Finally, the activator writes to the Windows Registry ( HKEY_LOCAL_MACHINE\SOFTWARE\FLEXlm License Manager ) to set environment variables that force SolidWorks to look at the local emulator instead of the internet. 3. The "Team SolidSquad" Phenomenon Who are they? No one knows for sure. Security researchers speculate that Team SolidSquad is either a highly organized Eastern European or Russian group. Their releases are clinically clean: text files with ASCII art, precise instructions, and no "spam" advertisements inside the crack pack—a rarity in malware-infested waters.

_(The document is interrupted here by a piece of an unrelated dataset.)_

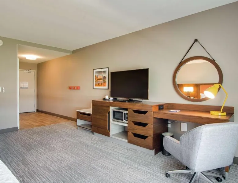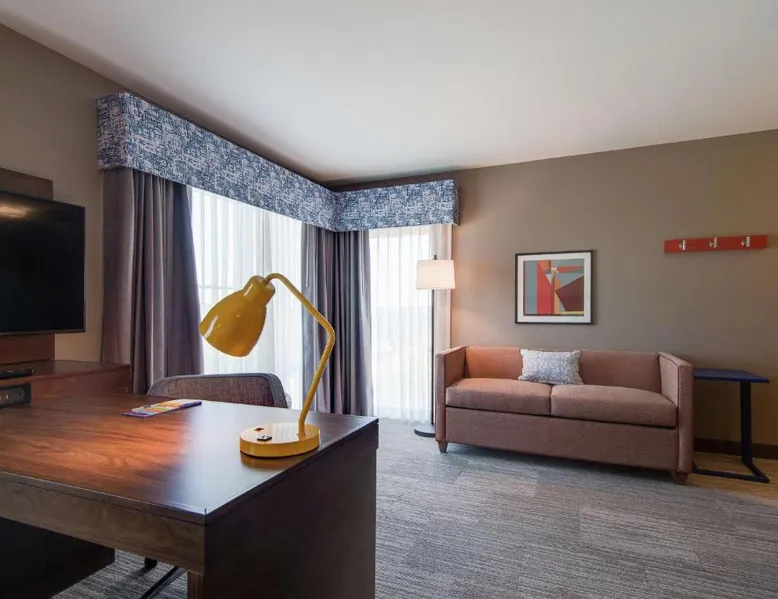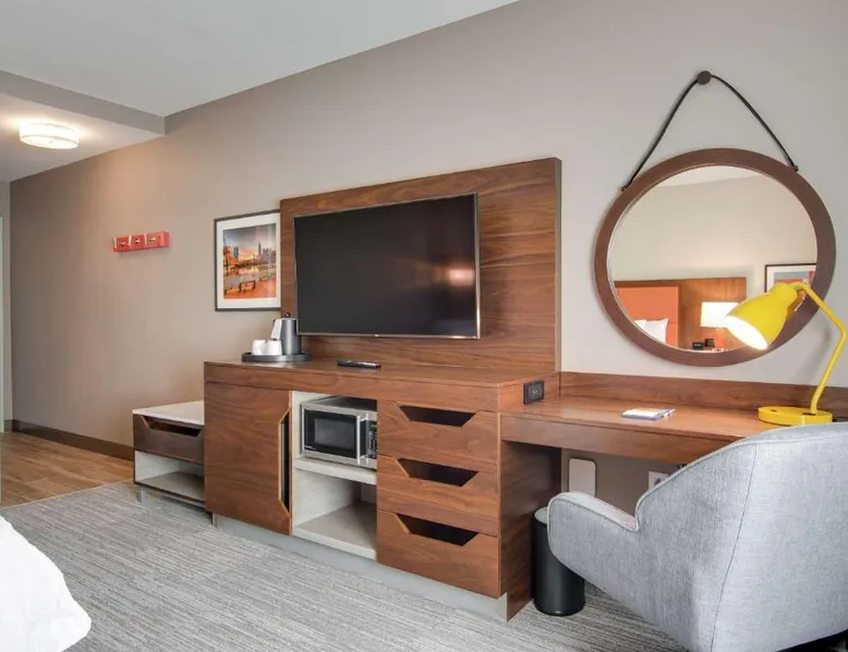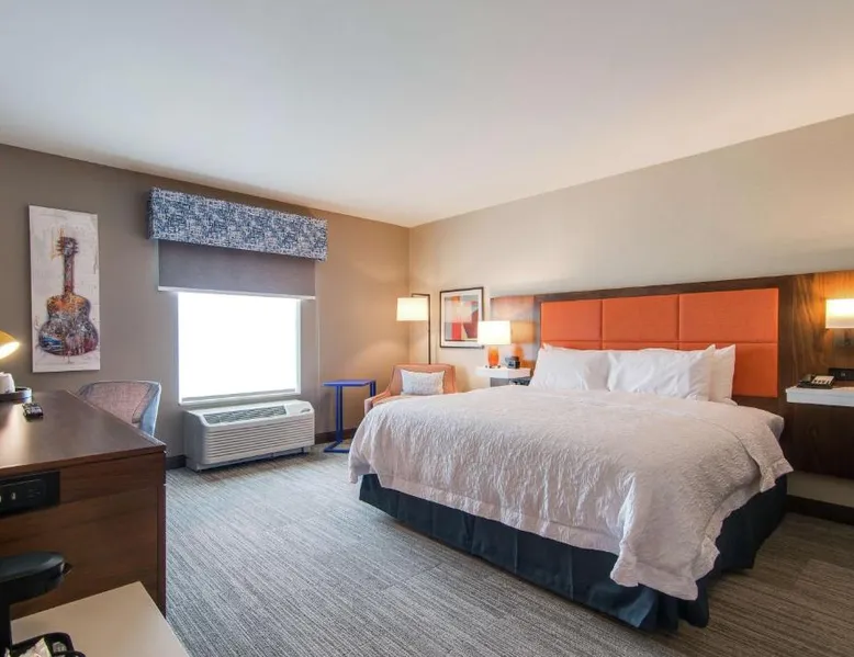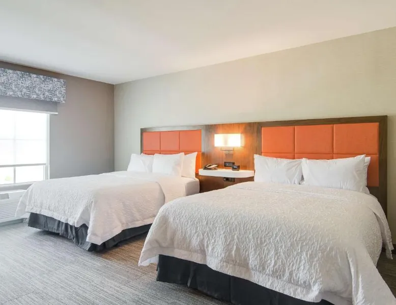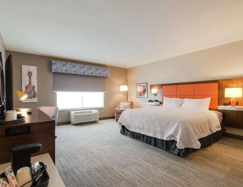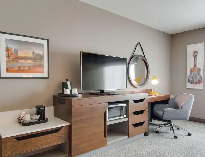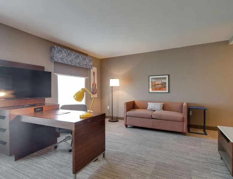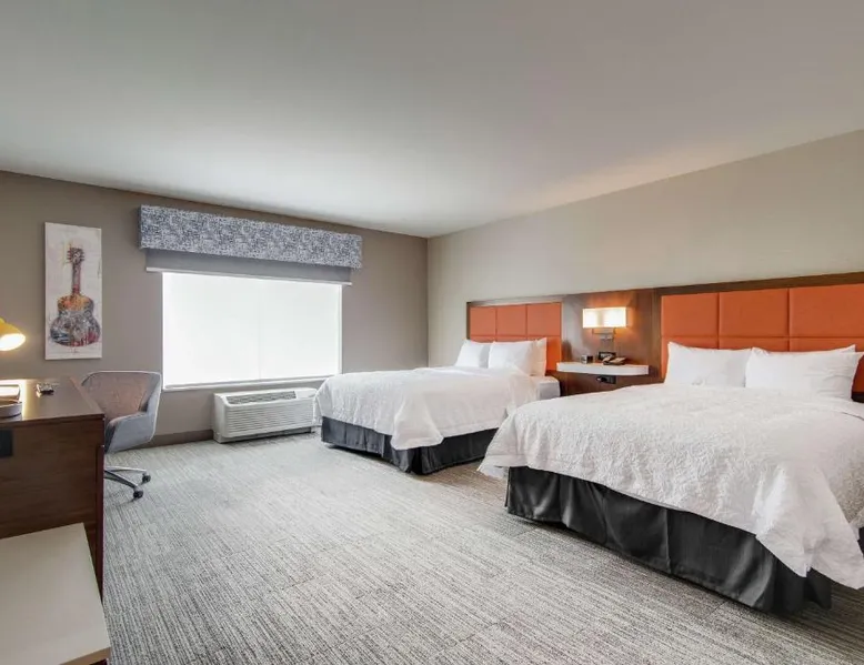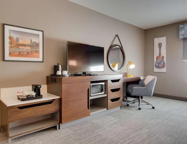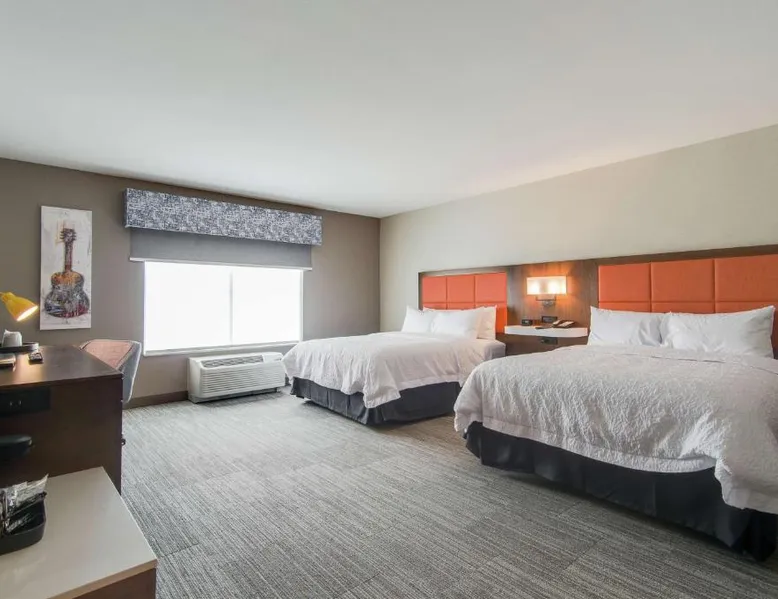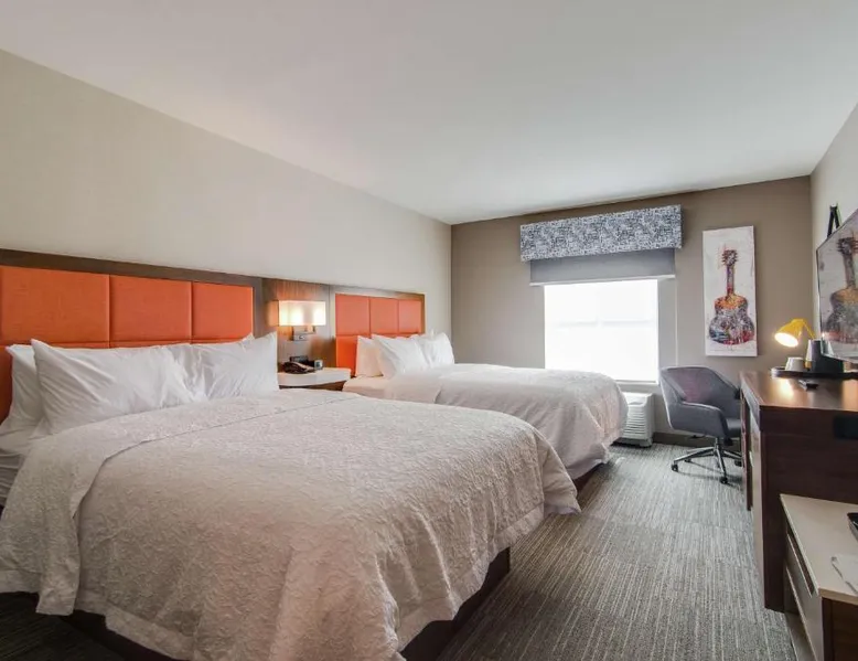 Comfortable Accommodations: Hampton Inn & Suites by Hilton Nashville North Skyline in Nashville offers air-conditioned rooms with free WiFi, tea and coffee makers, and work desks. Each room includes a refrigerator, microwave, and TV. Dining and Leisure: The modern, family-friendly restaurant serves American cuisine with gluten-free options for lunch and dinner. Guests can also enjoy the bar and indoor swimming pool. Additional facilities include a fitness room, outdoor fireplace, and outdoor seating area. Convenient Location: Located 11 mi from Nashville International Airport, the hotel is near attractions such as Fontanel Mansion (5.6 mi) and Grand Ole Opry (7.5 mi). Free on-site parking is available. Highly rated for breakfast and airport shuttle. The studio is furnished with a desk and a seating area and features air conditioning and a tea and coffee maker. The unit has 2 beds.

The SSQ activator requires you to run a fake server on your machine. That server runs on an open port. Hackers scan the internet for port 25734 (the default FlexNet port). If they find a machine running the SSQ server, they know it is a cracked machine. They can then inject malicious code into that server process, turning your engineering workstation into a botnet node. solidworks activator by team solidsquad ssq upd
The SSQ Activator uses a method known as Here is the step-by-step process of how the crack operates (based on reverse-engineered documentation): Finally, the activator writes to the Windows Registry
Their philosophy, as stated in their .nfo files, is "educational use only." They argue that students and hobbyists cannot afford $10,000 software, and by cracking it, they are training the next generation of engineers. However, courts have repeatedly ruled that "educational use" does not supersede copyright law. No one knows for sure
Dassault Systèmes updates SolidWorks every year (2021, 2022, 2023, 2024...). With each update, they change how the software checks the license. The "UPD" (Update) of the SSQ activator typically includes a patched version of netapi32.dll (a Windows networking library) placed in the SolidWorks_Flexnet_Server folder. This patched DLL intercepts the license request and always tells SolidWorks that the license is valid.
If you are a small business using SSQ's activator and Dassault Systèmes finds out via telemetry (phone-home data), the fines are not small. Dassault typically settles for $100,000 to $500,000. In 2022, a Michigan tooling company was fined $340,000 for using a "Team SolidSquad UPD" crack on three workstations. 5. The "Upd" Trap: The maintenance nightmare Legitimate SolidWorks users take updates seriously. A bug fix in SP2 might fix a crash that loses 5 hours of work.